Eighteenth-century Europe numbered literally hundreds of publisher-booksellers, yet only a handful of their business archives have been preserved. Among the extant archives, one of the most complete is that of the Leiden-based Luchtmans firm, that ranked among the largest publisher-booksellers in Europe, and covering the years 1683-1848. Comprising eleven meters of archival material in the Amsterdam University library, it is the most comprehensive source for the history of the Dutch book trade in the long eighteenth century. The documents in the archive shed light on various aspects of the book trade, including books published, authors with whom the firm collaborated, business correspondence, and financial transactions. The most striking material is however made up of the private client books, documenting circa 285,500 transactions (sales of a title involving Luchtmans and another identifiable private client on a given date) in the Dutch Republic, across an estimated 5,000 to 6,000 private accounts.
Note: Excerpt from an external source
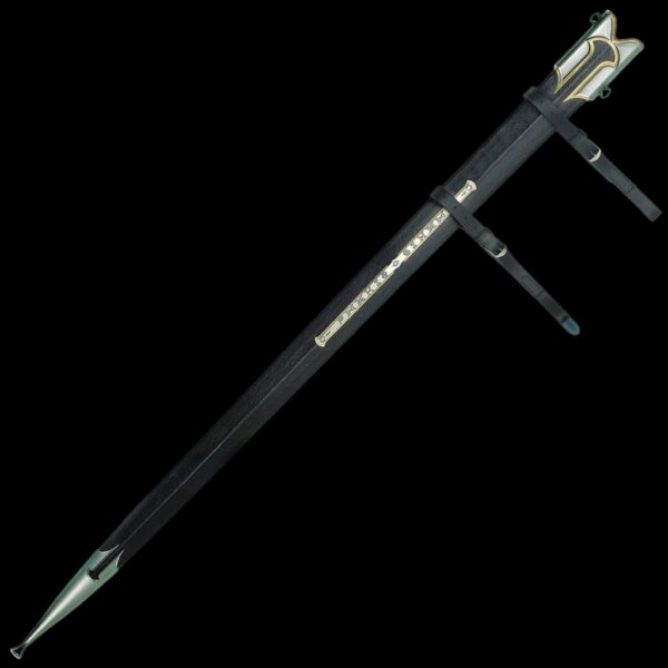 United Cutlery Brands, industry leader in fine movie knife and sword reproductions, has meticulously recreated the actual prop scabbard, using the finest grade materials and craftsmanship of the highest quality available. Anduril's scabbard is 44 5/8" overall and features genuine leather wrap and straps, solid metal collar, fittings, buckles, plate and tip with an antiqued metal and 24-K gold plated finish. The metal plate on the side of the scabbard is inscribed with the word Andúril, meaning "Flame of the West", in the Tolkien language of Quenya, written in the runes of Eregion and is bordered by the symbols of the sun and moon. King Elessar fastened his sword scabbard to his horse saddle so he could quickly draw the sword out for battle. This scabbard is designed to fit the Anduril Sword, the Limited Edition Anduril Sword ,and the Narsil Sword. Each sword is sold separately.

These private client books can be used to explore community formation among the private clients of the Luchtmans firm, in a diachronic, comparative perspective. Behind every individual client, there emerge (family) networks of readers, interpretive communities, and patterns of book acquisition. This research will demonstrate how the data on Luchtmans private clients can help us trace changes in book acquisition patterns over an extended period, viewing these within a multi-generational framework, whereby different, overlapping networks can be offset, such as households, kinship networks, and professional and religious communities.
This project is part of the main project Civic fictions. Modelling book-reader interactions in the Age of Revolution, c. 1760-1830 (P.I. Prof. dr. Alicia Montoya).